To assess feasibility, safety and efficacy of hybrid approach, consisting in a combination of modern drug-eluting stent (DES) and drug-eluting balloon (DCB), for treatment of de-novo diffuse coronary artery disease (CAD).

Contemporary DES are associated with a persistent risk of major cardiovascular events, due to in-stent thrombosis and restenosis. The hybrid approach, reducing the permanent metallic cage length, is supposed to mitigate the risk of device-related adverse events, especially in diffuse CAD.

This is a prospective, non-randomized, observational, multicenter study intended to obtain data from 100 consecutive patients affected by de-novo diffuse CAD undergoing percutaneous coronary intervention with a hybrid approach, consisting in the combined use of DES and DCB in contiguous coronary segments. The study is recorded in ClinicalTrials.gov with the identifier: NCT03939468.
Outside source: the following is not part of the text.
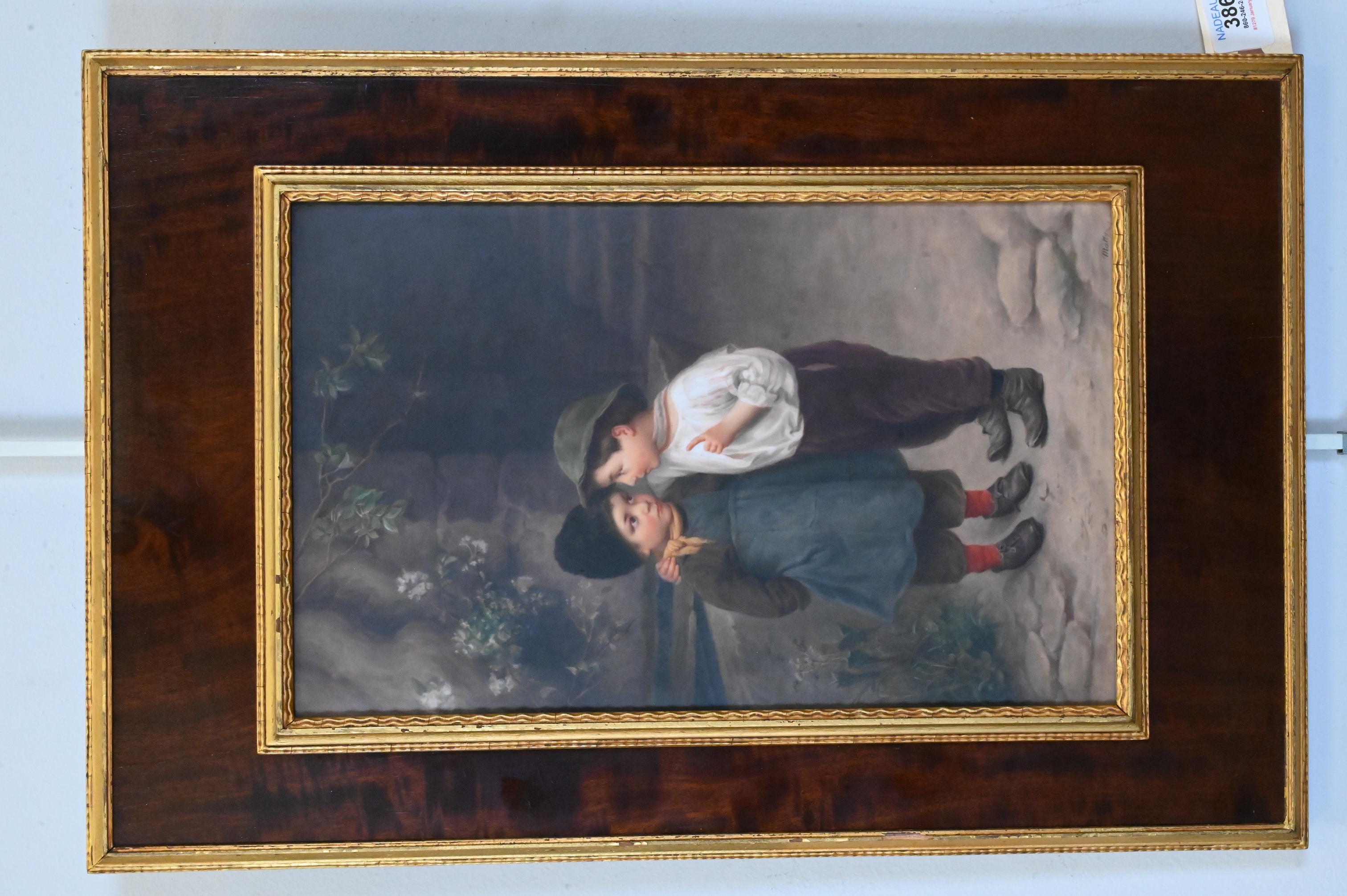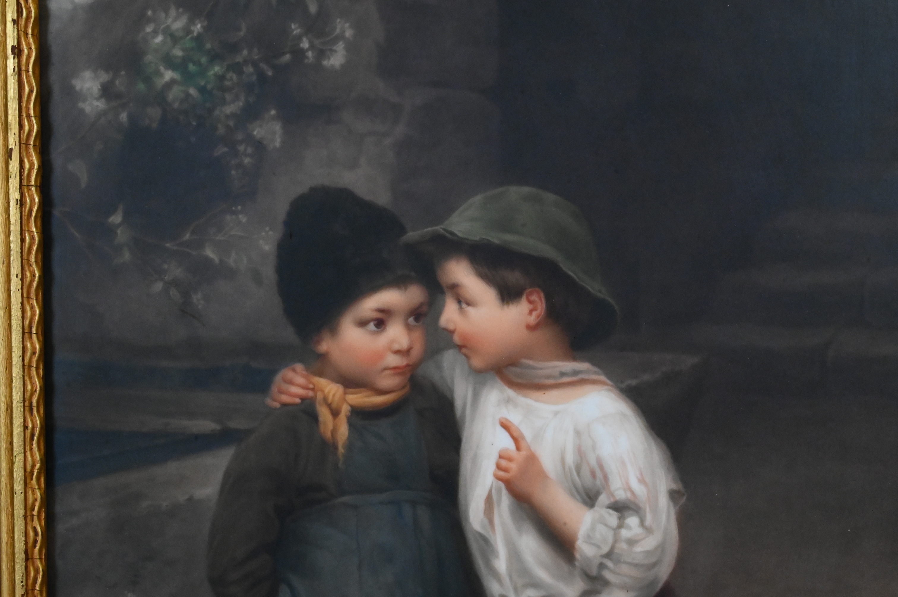 Hand-painted porcelain plaque depicting two young children standing in a rustic outdoor setting, one whispering into the ear of the other. Finely rendered facial expressions, clothing, and background foliage, executed in soft blended tones typical of Continental porcelain painting of the period. Signed “Marty” at lower right. Mounted in a giltwood frame.

The primary endpoint is a device oriented composite end-point (DOCE) of cardiac death, target vessel myocardial infarction (TV-MI) and ischemia-driven target lesion revascularization (ID-TLR) in DES- and/or DCB-treated segment. DOCE will be assessed at 12-months follow-up.

This will be the first study investigating the feasibility, safety and efficacy of hybrid DES/DCB approach for the treatment of de-novo diffuse CAD. Here we describe the rationale and the design of the study.